The movie also captured our surprisingly lasting flirtation with pop-jazz. There’s something telling about Tonton lecturing about the future while listening to Clarke/Duke Project — it was the sound of a generation trying to feel sophisticated before the world got complicated, and which carried us through our early adulting years.

And yes — we dressed like that, loud colors and all. The preppier kids flaunted Lacoste and Polo. The girls wore ruffled dresses, oversized hoop earrings, and hair sprayed into architectural defiance. Coolness was either about fashion or fraternity affiliation. Violence, when it existed, felt contained. Death felt distant.

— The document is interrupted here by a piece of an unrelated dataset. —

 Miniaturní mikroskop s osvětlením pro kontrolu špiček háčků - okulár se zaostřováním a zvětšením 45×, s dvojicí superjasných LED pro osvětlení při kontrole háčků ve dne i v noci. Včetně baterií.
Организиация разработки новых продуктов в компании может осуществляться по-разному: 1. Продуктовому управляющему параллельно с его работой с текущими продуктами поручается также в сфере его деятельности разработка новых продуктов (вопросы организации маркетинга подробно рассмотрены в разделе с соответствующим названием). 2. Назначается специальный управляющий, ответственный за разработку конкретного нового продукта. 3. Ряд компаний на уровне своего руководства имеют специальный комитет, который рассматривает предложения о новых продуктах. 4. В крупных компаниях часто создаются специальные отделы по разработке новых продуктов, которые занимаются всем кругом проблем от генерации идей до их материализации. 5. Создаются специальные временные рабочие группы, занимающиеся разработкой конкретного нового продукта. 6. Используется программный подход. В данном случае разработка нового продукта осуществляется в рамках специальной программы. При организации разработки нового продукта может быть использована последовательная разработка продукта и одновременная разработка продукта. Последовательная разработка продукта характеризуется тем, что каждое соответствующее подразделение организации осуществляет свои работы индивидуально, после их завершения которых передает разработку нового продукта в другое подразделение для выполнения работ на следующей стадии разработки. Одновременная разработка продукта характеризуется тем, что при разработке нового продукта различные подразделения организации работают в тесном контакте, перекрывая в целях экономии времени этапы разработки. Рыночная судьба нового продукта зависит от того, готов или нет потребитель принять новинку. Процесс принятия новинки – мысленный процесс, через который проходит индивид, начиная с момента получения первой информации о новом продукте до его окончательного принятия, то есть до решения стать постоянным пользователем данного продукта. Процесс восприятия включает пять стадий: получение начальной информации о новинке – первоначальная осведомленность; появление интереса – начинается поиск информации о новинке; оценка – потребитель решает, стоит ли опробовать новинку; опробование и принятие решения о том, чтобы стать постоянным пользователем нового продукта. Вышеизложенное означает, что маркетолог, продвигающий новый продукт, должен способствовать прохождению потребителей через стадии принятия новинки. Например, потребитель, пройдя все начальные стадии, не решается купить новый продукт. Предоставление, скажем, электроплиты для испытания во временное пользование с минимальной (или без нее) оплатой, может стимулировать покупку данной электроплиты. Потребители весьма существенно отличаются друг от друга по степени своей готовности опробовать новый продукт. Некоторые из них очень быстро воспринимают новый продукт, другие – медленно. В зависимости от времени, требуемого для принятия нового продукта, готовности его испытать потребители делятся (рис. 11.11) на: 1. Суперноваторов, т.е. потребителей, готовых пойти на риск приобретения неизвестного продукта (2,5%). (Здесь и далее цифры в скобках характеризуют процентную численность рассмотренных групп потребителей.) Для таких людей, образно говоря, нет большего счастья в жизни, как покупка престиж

What hits hardest today, though, is not the fashion or the music — it’s the family structure. The world of “Bagets” was one where broken homes existed, but were not the norm. None of the boys have OFW parents. Their home lives assumed stability, a context different from many contemporary Filipino teens whose families are likely grappling with migration or other challenges.
Today, those characters would be in their late 50s, the Gen X parents scrolling through Facebook with steady jobs and intact families, hosting reunions fueled by nostalgia and old playlists. We are baffled by today’s generation, secretly amused, occasionally judgmental. We still light up a joint once in a while and talk endlessly about the old days.
We may still go wild when we hear the opening bass line of “Build Me Up Buttercup” or Kool & the Gang’s “Celebration,” but it’s jazz — “Sweet Baby” or “Stay Awake” — that sends us into quiet reflection.
In hindsight, growing up in the early ’80s gave us something rare: a final, unselfconscious taste of innocence. We were too young to have felt the full weight of Martial Law; our battles were fought against Space Invaders compared to the real struggles our elders faced. Our greatest trauma was the banning of “Voltes V.”
But while we were learning the steps to “Beat It,” the foundations of the country were shifting. Ninoy Aquino’s assassination had already happened, although the EDSA Revolution was still two years away. We were living in the final, golden hours of a specific kind of Filipino adolescence — a bubble of gelled hair and neon-colored clothes, right before the sea-change began.
Looking back from 2026, it’s clear: we really did just get lucky.